Prior to the onset of the COVID-19 pandemic, FATF issued a second warning that substantial amounts of money were “suspected to be laundered out of China into the Australian real estate market”.
The Australian Transaction Reports and Analysis Centre (AUSTRAC) also warned the government that “laundering of illicit funds through real estate is an established money laundering method in Australia”.
Over the past two decades, billions of dollars are believed to have been laundered through Australian residences, predominantly by Chinese nationals.
Furthermore, the ‘golden ticket’ visa, an initiative launched by former Labor Treasurer Chris Bowen in 2012 has contributed to the facilitation of money laundering.
China comprises around 90% of successful ‘golden ticket’ visa applicants. A minimum investment of $5 million is required for the Significant Investor Visa program, which has been approved for more than 20,000 Chinese nationals.
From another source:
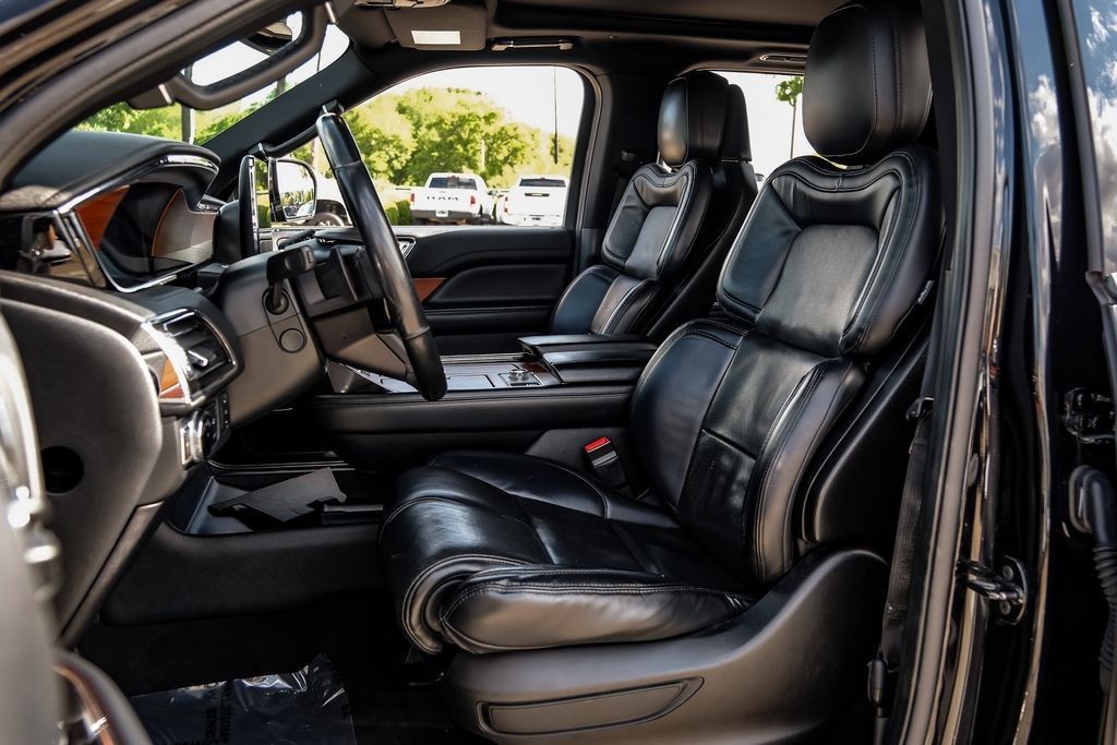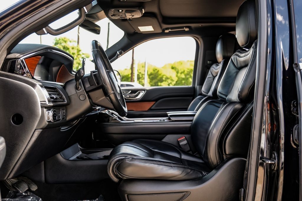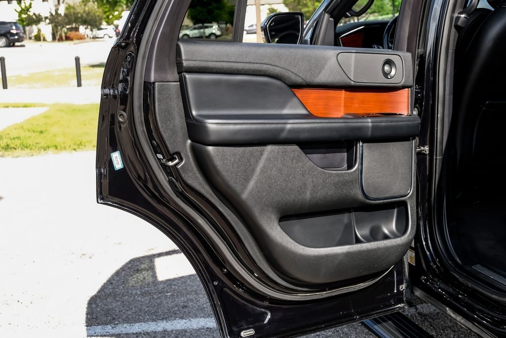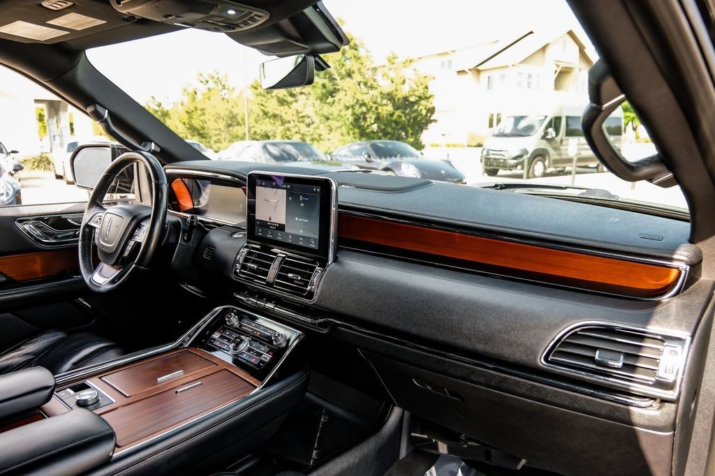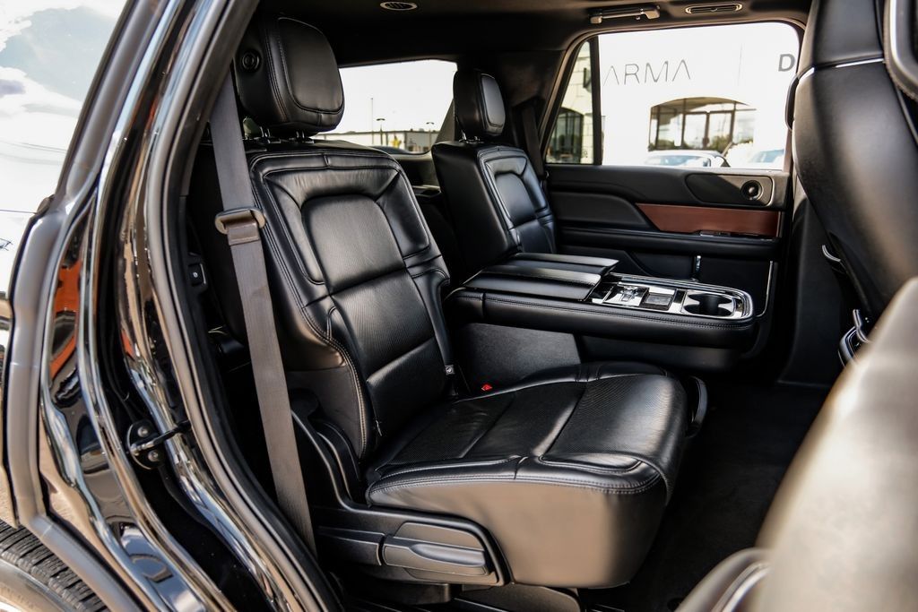 Black 2020 Lincoln Navigator Reserve RWD 10-Speed Automatic V6 Ebony Leather, 14 Speakers, 3rd row seats: split-bench, 4-Wheel Disc Brakes, ABS brakes, Adaptive suspension, Adjustable pedals, Air Conditioning, AM/FM radio: SiriusXM, Audio memory, Auto High-beam Headlights, Auto tilt-away steering wheel, Auto-dimming door mirrors, Auto-dimming Rear-View mirror, Auto-leveling suspension, Automatic temperature control, Bodyside moldings, Brake assist, Bumpers: body-color, Compass, Delay-off headlights, Driver door bin, Driver vanity mirror, Driver's Seat Mounted Armrest, Dual front impact airbags, Dual front side impact airbags, Electronic Stability Control, Emergency communication system: 911 Assist, Equipment Group 200A Reserve, Exterior Parking Camera Rear, Four wheel independent suspension, Front anti-roll bar, Front Bucket Seats, Front dual zone A/C, Front fog lights, Front License Plate Bracket, Front reading lights, Fully automatic headlights, Garage door transmitter, Genuine wood dashboard insert, Genuine wood door panel insert, GVWR: 7,350 lbs Payload Package, Head restraints memory, Heads-Up Display, Heated door mirrors, Heated front seats, Heated rear seats, Heated steering wheel, HVAC memory, Illuminated entry, Knee airbag, Leather steering wheel, Low tire pressure warning, Memory seat, Navigation System, Occupant sensing airbag, Outside temperature display, Overhead airbag, Overhead console, Panic alarm, Passenger door bin, Passenger seat mounted armrest, Passenger vanity mirror, Pedal memory, Power adjustable rear head restraints, Power door mirrors, Power driver seat, Power Liftgate, Power moonroof: Panoramic Vista Roof, Power passenger seat, Power steering, Power windows, Premium Lthr Htd/Ventilated Low Back Comfort Seats, Radio data system, Radio: Revel AM/FM/HD/MP3 Audio System, Rain sensing wipers, Rear air conditioning, Rear anti-roll bar, Rear audio controls, Rear reading lights, Rear window defroster, Rear window wiper, Reclining 3rd row seat, Remote keyless entry, Roof rack: rails only, Security system, SiriusXM Radio, Speed control, Speed-sensing steering, Speed-Sensitive Wipers, Split folding rear seat, Spoiler, Steering wheel memory, Steering wheel mounted audio controls, SYNC 3 Communications & Entertainment System, Tachometer, Telescoping steering wheel, Tilt steering wheel, Traction control, Trip computer, Turn signal indicator mirrors, Variably intermittent wipers, Ventilated front seats, Voice-Activated Touchscreen Navigation System, Wheels: 22" 12-Spoke Ultra Bright Machined Alum.Recent Arrival!Awards: * JD Power Automotive Performance, Execution and Layout (APEAL) Study

These ‘golden ticket’ visas confer permanent residency in Australia automatically. And unlike other visa categories, they do not require English language proficiency.
For years, anti-corruption advocates have called for the abolition of these visas, asserting that they are used by corrupt officials to launder funds and enter Australia.
The abolition of the ‘golden ticket’ visa program has also been advocated by Australia’s Productivity Commission, which has identified the visa as a conduit for laundering ‘dirty money’ into the country.
Similar ‘golden ticket’ visa programs have already been discontinued in other developed nations. This, coupled with Australia’s lax AML regulations, has rendered Australia’s homes an attractive target for money laundering.
The time has come to plug the loopholes:
Like Groundhog Day, the Albanese Government is currently engaged in another round of industry consultation regarding the Tranche 2 AML laws.
The potential application of these regulations could subject over one hundred thousand real estate gatekeepers to AML scrutiny. This has incited further opposition from the impacted industries.
Similar stakeholder consultations were thwarted by these vested interests in 2008, 2010, 2012, 2014, and 2017.
Thus, there is apprehension that if they are successful once more, the implementation of the global AML regulations that Australia agreed to establish in 2003 would be put on hold indefinitely.
It is imperative that the Albanese Government end the twenty-year cycle of obstruction and enforce the Tranche 2 AML regulations once and for all.
Additionally, the government should implement the Productivity Commission’s recommendation to discontinue the ‘golden ticket’ visa program and prohibit the purchase of established Australian homes by temporary migrants.
Otherwise, foreign buyers will continue to outbid Australian citizens and permanent residents for housing, and the country’s housing market will continue to attract and conceal illicit funds from offshore.